----- Provided material

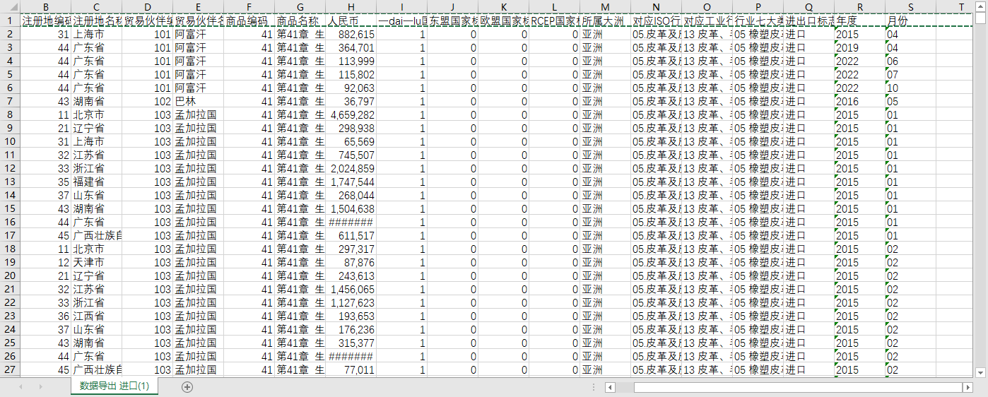 数据年月 注册地编码 注册地名称 贸易伙伴编码 贸易伙伴名称 商品编码 商品名称 人民币 一dai一lu国家标志 东盟国家标志 欧盟国家标志 RCEP国家标志 所属大洲 对应ISO行业分类 对应工业行业代码名称 行业七大类编码名称 进出口标志 年度 月份
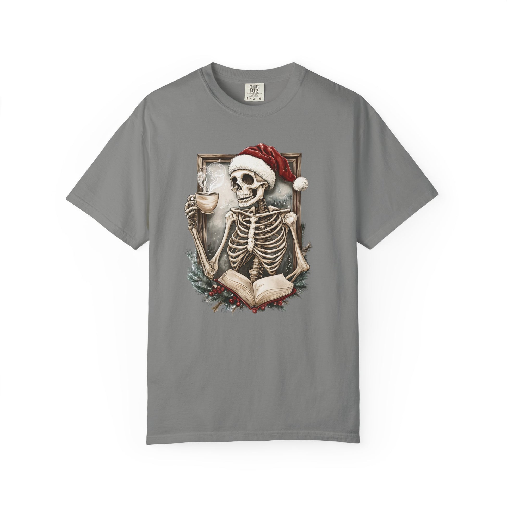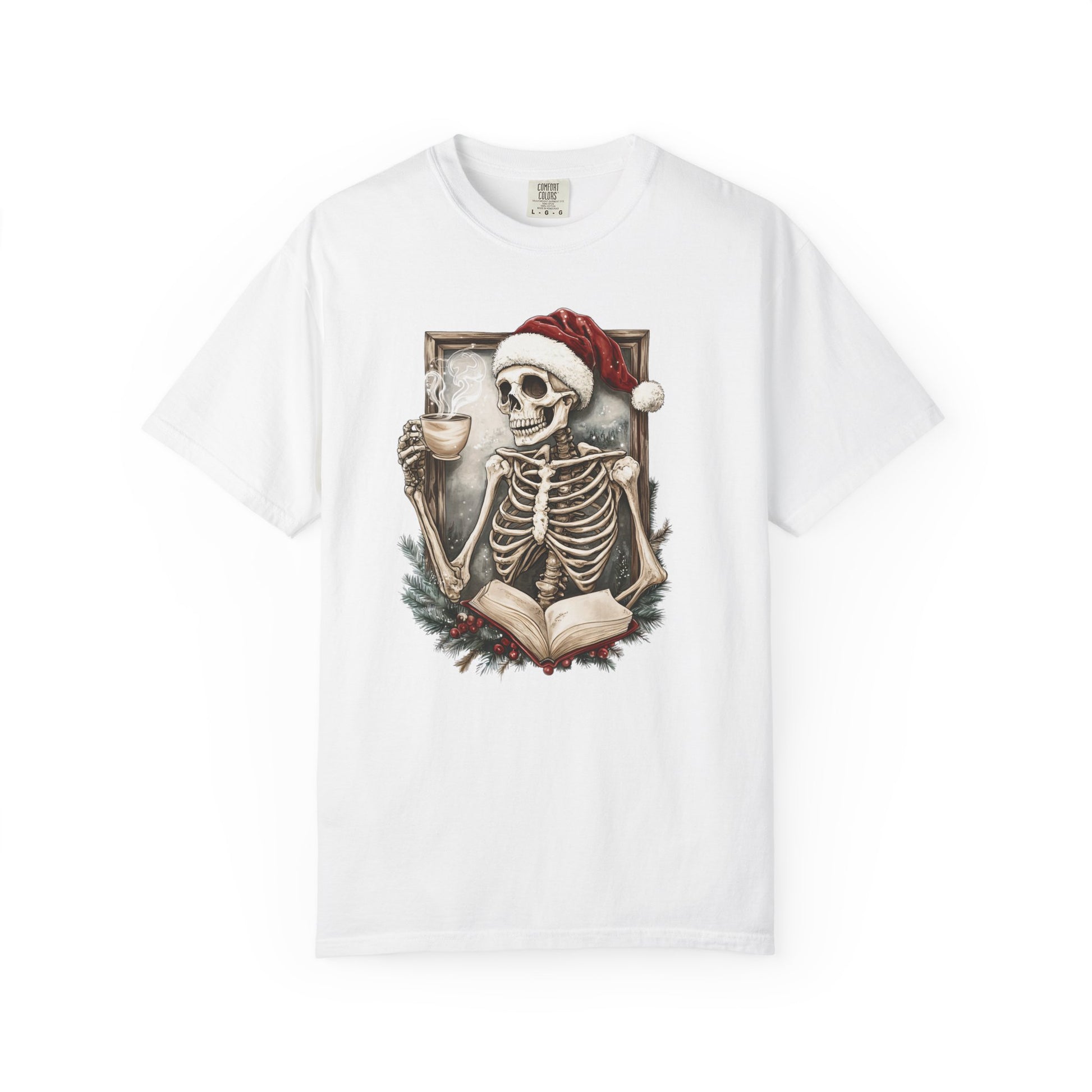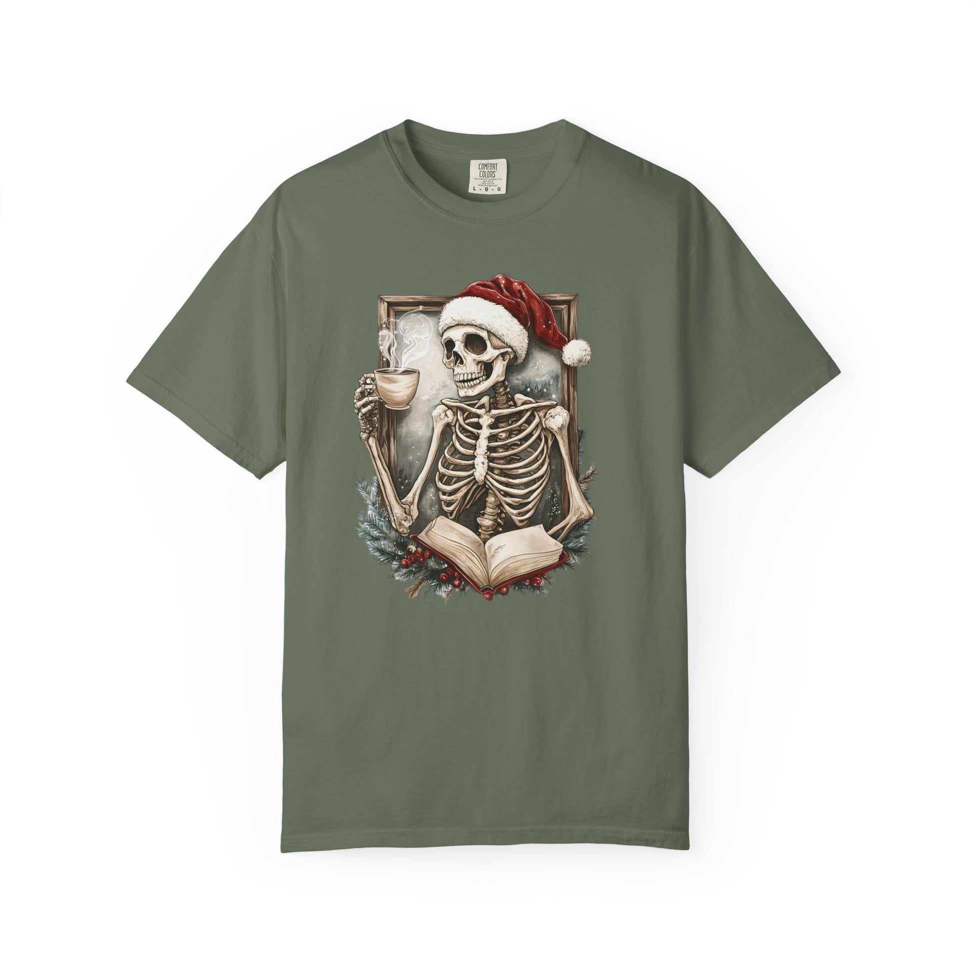 Cozy up this holiday season with the perfect mix of spooky and festive! This Comfort Colors tee features a skeleton in a Santa hat, sipping coffee and reading—a must-have for book lovers who like their Christmas a little different.
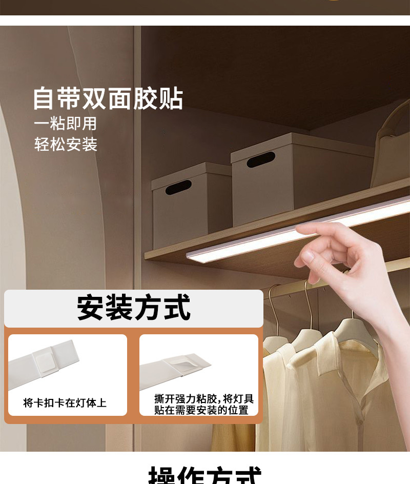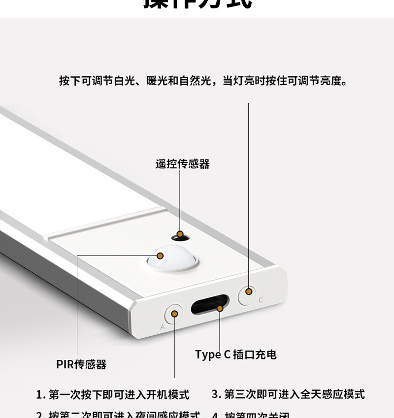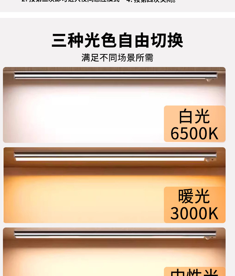 원격 제어 센서 램프 인체 센서 램프 3색 디밍 야간 조명 USB 충전식 무선 자기 캐비닛 램프
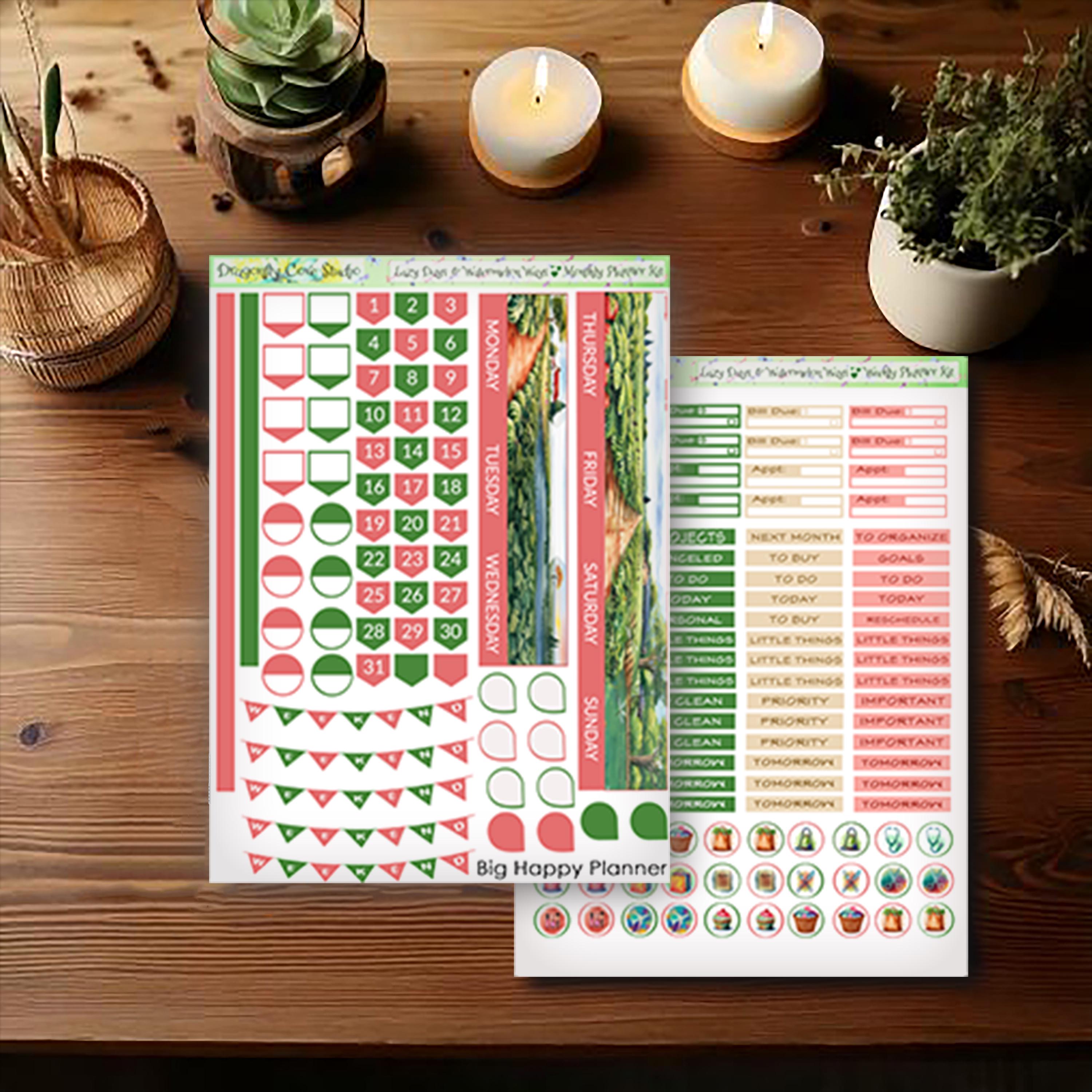 Plan your month with more space and intention using the Lazy Days & Watermelon Ways Big Happy Planner Monthly Sticker Kit 🍉☀️ This printed and shipped kit is designed for Big Happy Planner layouts, giving you room to organize your schedule while keeping a relaxed summer atmosphere.

----------

| What the task requires |
Going from the line holding "원격 제어 센서 램프" to the last line of the data above, reproduce every line exactly, both included, with the pictures omitted.

| Answer for this exercise |
 원격 제어 센서 램프 인체 센서 램프 3색 디밍 야간 조명 USB 충전식 무선 자기 캐비닛 램프
 Plan your month with more space and intention using the Lazy Days & Watermelon Ways Big Happy Planner Monthly Sticker Kit 🍉☀️ This printed and shipped kit is designed for Big Happy Planner layouts, giving you room to organize your schedule while keeping a relaxed summer atmosphere.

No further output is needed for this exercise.